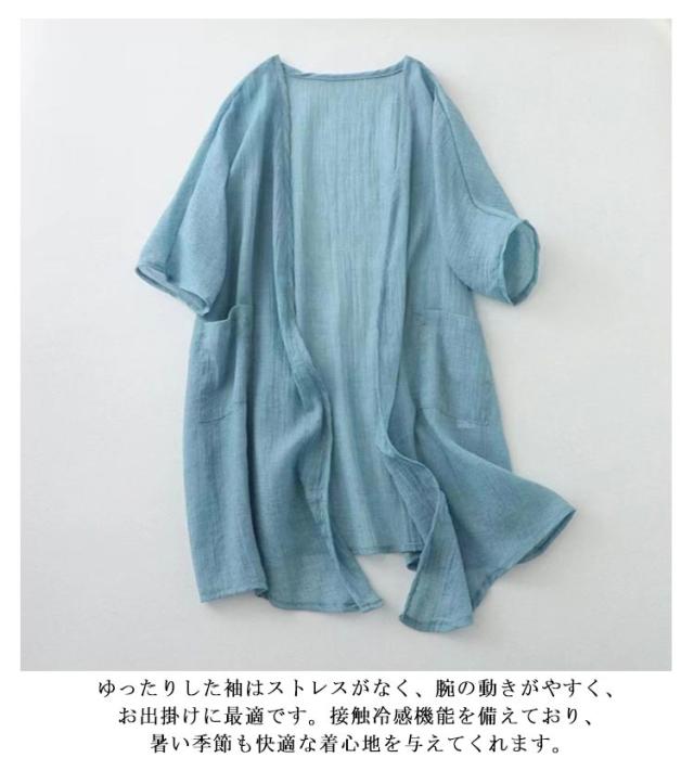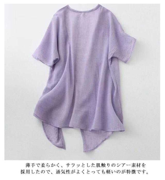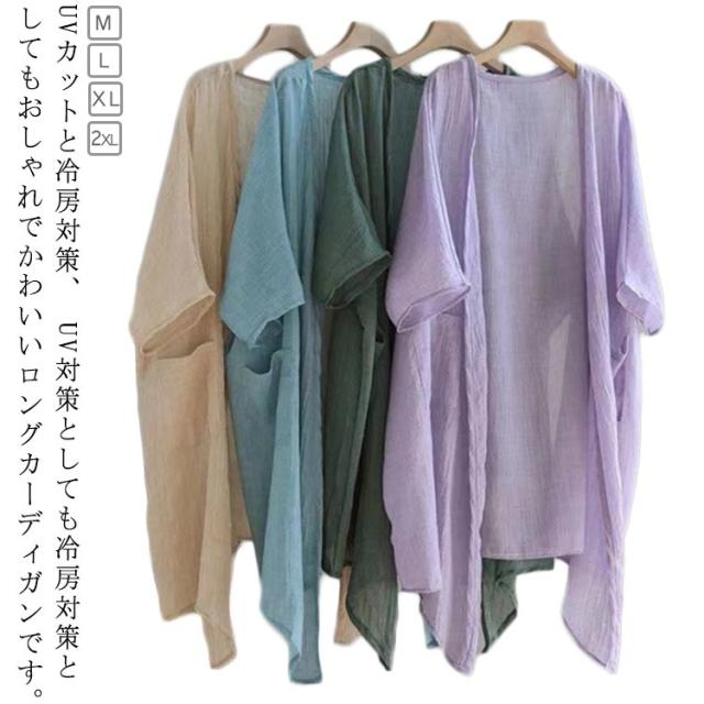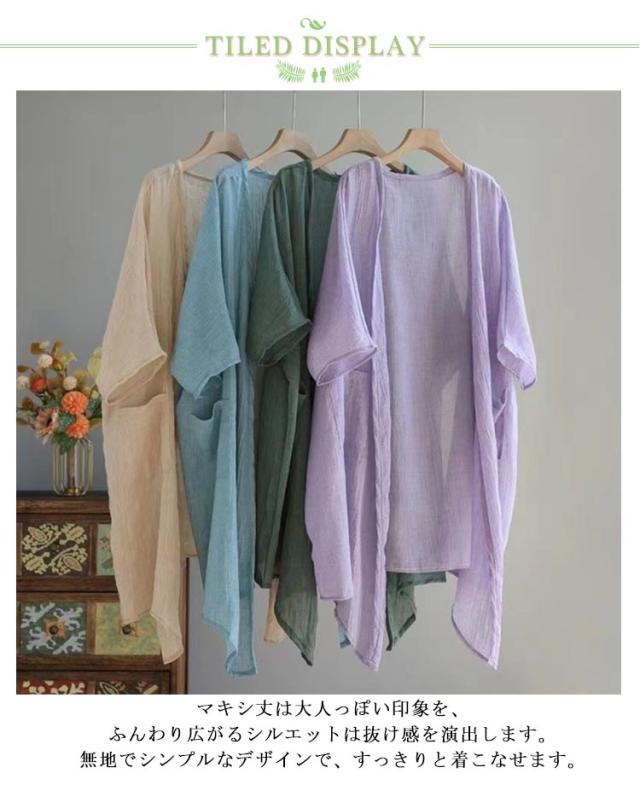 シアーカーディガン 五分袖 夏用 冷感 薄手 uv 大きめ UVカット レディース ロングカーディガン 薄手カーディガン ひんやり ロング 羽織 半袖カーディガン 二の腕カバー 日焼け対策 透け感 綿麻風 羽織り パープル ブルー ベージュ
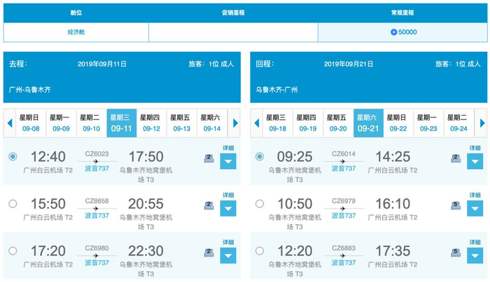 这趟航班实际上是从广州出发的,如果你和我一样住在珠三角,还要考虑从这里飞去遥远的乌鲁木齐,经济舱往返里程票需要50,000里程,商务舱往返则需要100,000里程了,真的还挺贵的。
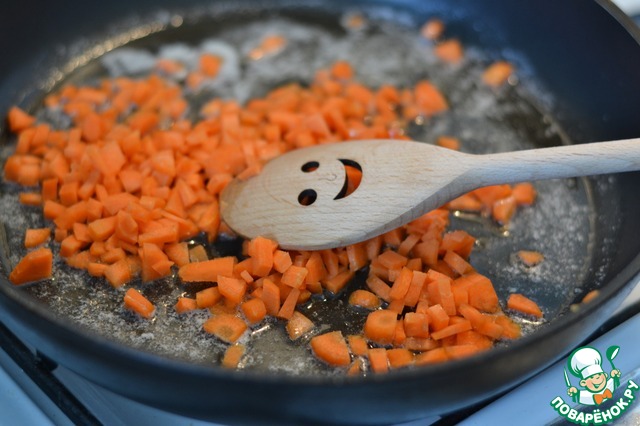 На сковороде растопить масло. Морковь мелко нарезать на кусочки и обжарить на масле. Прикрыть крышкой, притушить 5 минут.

> **Activity**
Reproduce the data above word for word and omit the images.

> **Answer box**
 シアーカーディガン 五分袖 夏用 冷感 薄手 uv 大きめ UVカット レディース ロングカーディガン 薄手カーディガン ひんやり ロング 羽織 半袖カーディガン 二の腕カバー 日焼け対策 透け感 綿麻風 羽織り パープル ブルー ベージュ
 这趟航班实际上是从广州出发的,如果你和我一样住在珠三角,还要考虑从这里飞去遥远的乌鲁木齐,经济舱往返里程票需要50,000里程,商务舱往返则需要100,000里程了,真的还挺贵的。
 На сковороде растопить масло. Морковь мелко нарезать на кусочки и обжарить на масле. Прикрыть крышкой, притушить 5 минут.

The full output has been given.